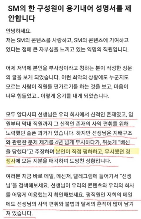 소송전때 sm직원이 이ㅅㅁ 폭로했던거에 직접 펌하하고 무시했던 경쟁사라고 언급됐던데 얘네는 그때 조용했던게 개웃김 슴직원조차 그걸 느낀건데
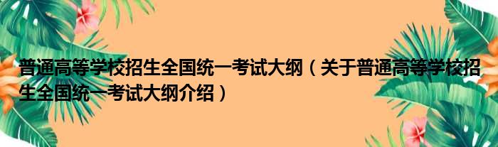 关于普通高等学校招生全国统一考试大纲到此分享完毕,希望能帮助到您。
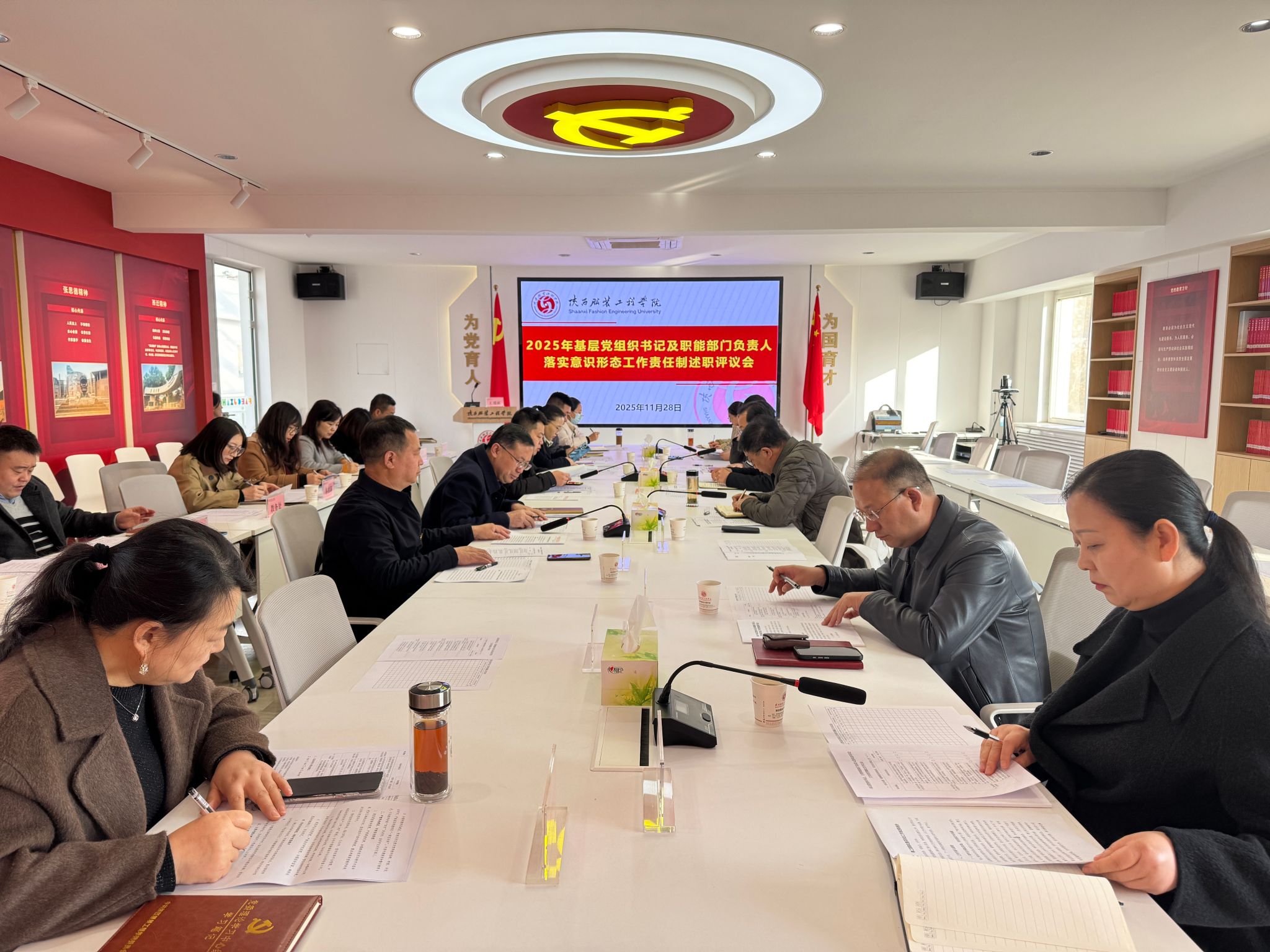 陕服新闻网讯(菅建伟)11月28日上午,学校党委在行政中心326会议室召开2025年基层党组织书记及职能部门负责人落实意识形态工作责任制述职评议会。校党委委员、纪委委员,各院党委(党总支、直属党支部)书记、机关各党支部书记,党政办、党委工作部、教工部、学工部(校团委)、教务处、科技处、信息化处、图书馆等单位主要负责人参加会议。党委副书记、纪委书记刘继兵主持会议。会上,服装学院党委等11个二级学院党委(党总支、直属党支部)...
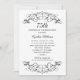 Los torbellinos y floridos negros decoran este elegante diseño de invitación a la celebración de los 75 años. Se puede modificar el esquema clásico de color blanco y negro. Personalice el elegante texto personalizado de su evento especial. Nota: el número del año de cumpleaños se puede modificar.
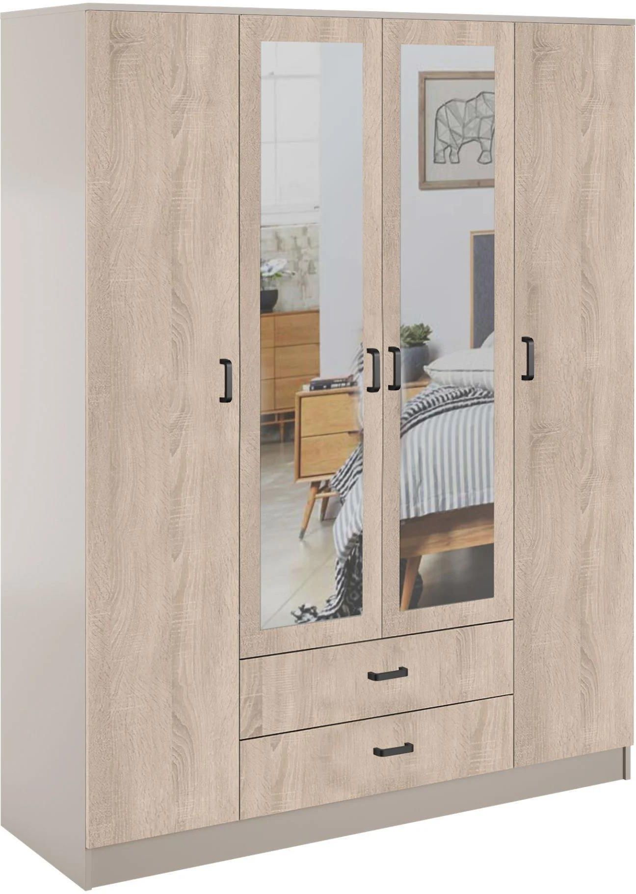 Mebel Bos Szafa Cento Ii 160X200 4D2S Kaszmir Dąb Sonoma Z Lustrem Ostrów Wielkopolski

PROBLEM STATEMENT: Say again, word for word, the lines beginning at the top of the data and ending with the line that has "陕服新闻网讯(菅建伟)11月". Skip the pictures.

PROBLEM SOLUTION:
 소송전때 sm직원이 이ㅅㅁ 폭로했던거에 직접 펌하하고 무시했던 경쟁사라고 언급됐던데 얘네는 그때 조용했던게 개웃김 슴직원조차 그걸 느낀건데
 关于普通高等学校招生全国统一考试大纲到此分享完毕,希望能帮助到您。
 陕服新闻网讯(菅建伟)11月28日上午,学校党委在行政中心326会议室召开2025年基层党组织书记及职能部门负责人落实意识形态工作责任制述职评议会。校党委委员、纪委委员,各院党委(党总支、直属党支部)书记、机关各党支部书记,党政办、党委工作部、教工部、学工部(校团委)、教务处、科技处、信息化处、图书馆等单位主要负责人参加会议。党委副书记、纪委书记刘继兵主持会议。会上,服装学院党委等11个二级学院党委(党总支、直属党支部)...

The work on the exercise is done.